The simulation runs the full pipeline — including policy evaluation — without broadcasting to the network. Your agent can check whether a transaction would be approved, denied, or queued before actually submitting it. This is useful for pre-flight validation in agent logic and for testing policy configurations without real funds.

Quick Start: Setting Up a Locked-Down Agent Wallet

Step 1: Start the daemon

npm install -g @waiaas/cli
waiaas init
waiaas start

Step 2: Create a wallet

curl -X POST http://127.0.0.1:3100/v1/wallets \
  -H "Content-Type: application/json" \
  -H "X-Master-Password: my-secret-password" \
  -d '{"name": "trading-wallet", "chain": "solana", "environment": "mainnet"}'

Step 3: Set a spending limit policy

curl -X POST http://127.0.0.1:3100/v1/policies \
  -H "Content-Type: application/json" \
  -H "X-Master-Password: my-secret-password" \
  -d '{
    "walletId": "<wallet-uuid>",
    "type": "SPENDING_LIMIT",
    "rules": {
      "instant_max_usd": 100,
      "notify_max_usd": 500,
      "delay_max_usd": 2000,
      "delay_seconds": 900,
      "daily_limit_usd": 5000
    }
  }'

Step 4: Create a session for your agent

curl -X POST http://127.0.0.1:3100/v1/sessions \
  -H "Content-Type: application/json" \
  -H "X-Master-Password: my-secret-password" \
  -d '{"walletId": "<wallet-uuid>"}'

Step 5: Your agent checks balance and operates within policy

curl http://127.0.0.1:3100/v1/wallet/balance \
  -H "Authorization: Bearer wai_sess_eyJhbGciOiJIUzI1NiJ9..."
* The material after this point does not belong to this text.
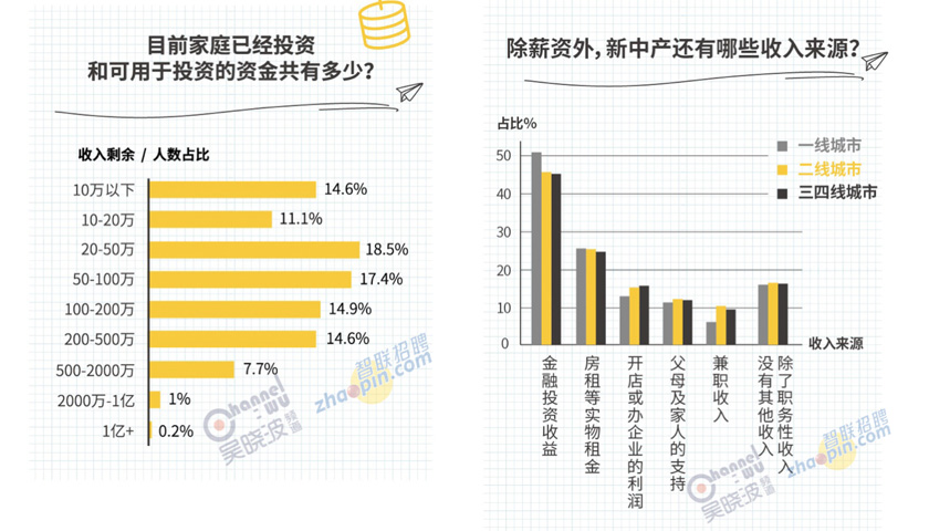 新中产群体不再单纯依赖本职工作谋生,拥有工资、奖金等职务性收入的受访者只占86%。82.5%的新中产除了职务性收入,还有其他多元化的经济来源。调查发现一线城市人群多由金融资产投资上获益,拥有金融投资收益的一线城市新中产占51.5%。二线年轻人在保证本职工作以外更喜欢兼职创业。16.2%的二线城市新中产通过开店或办企业来增加收入,而这个比例在一线城市为12.8%。
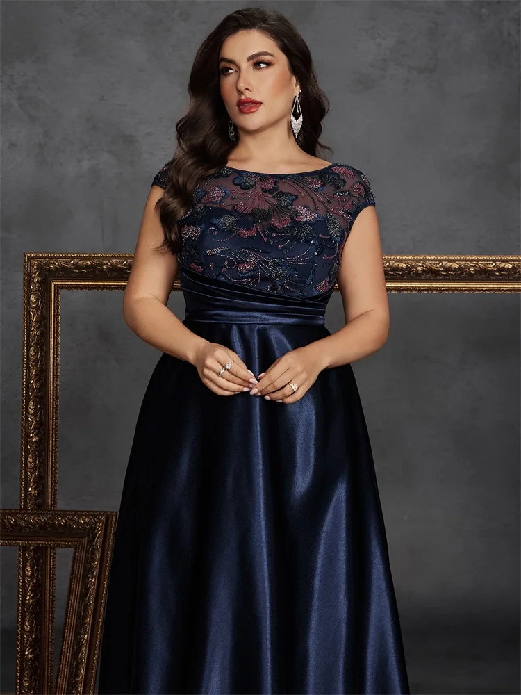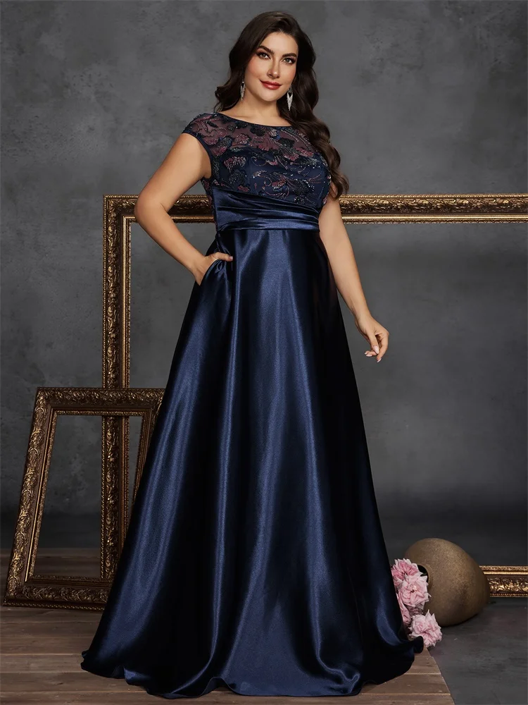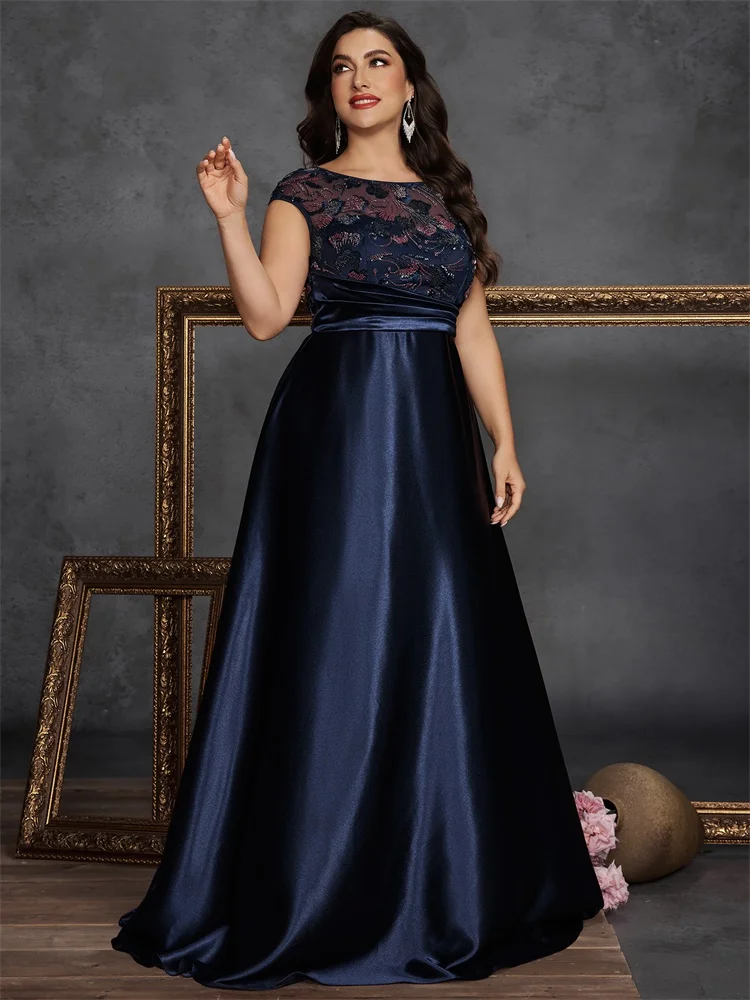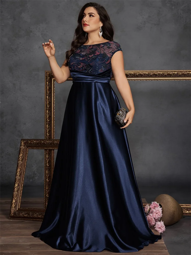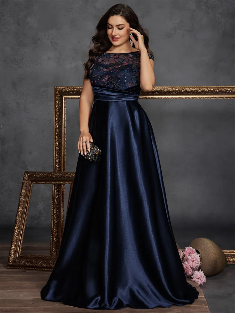 Lucyinlove Robe de soirée élégante à paillettes vertes, grande taille, col rond, luxueuse, sans manches, en satin, pour mariage, bal, cocktail

From this point, the session token is the only credential your agent holds. Everything above the $100 instant threshold requires your attention. The agent operates within defined parameters, and you get notified or asked for approval on anything that exceeds them.

What's Next

The policy engine is documented interactively at http://127.0.0.1:3100/reference once your daemon is running — it's an OpenAPI 3.0 spec with a live Scalar UI where you can explore all 39 route modules and test requests directly. If you want to dig into the architecture before deploying, the codebase is fully open source and the monorepo structure (15 packages) makes it readable without needing to understand everything at once.

Start with the GitHub repo to review the security model before running anything in production: https://github.com/minhoyoo-iotrust/WAIaaS. Full documentation and the hosted version are at https://waiaas.ai.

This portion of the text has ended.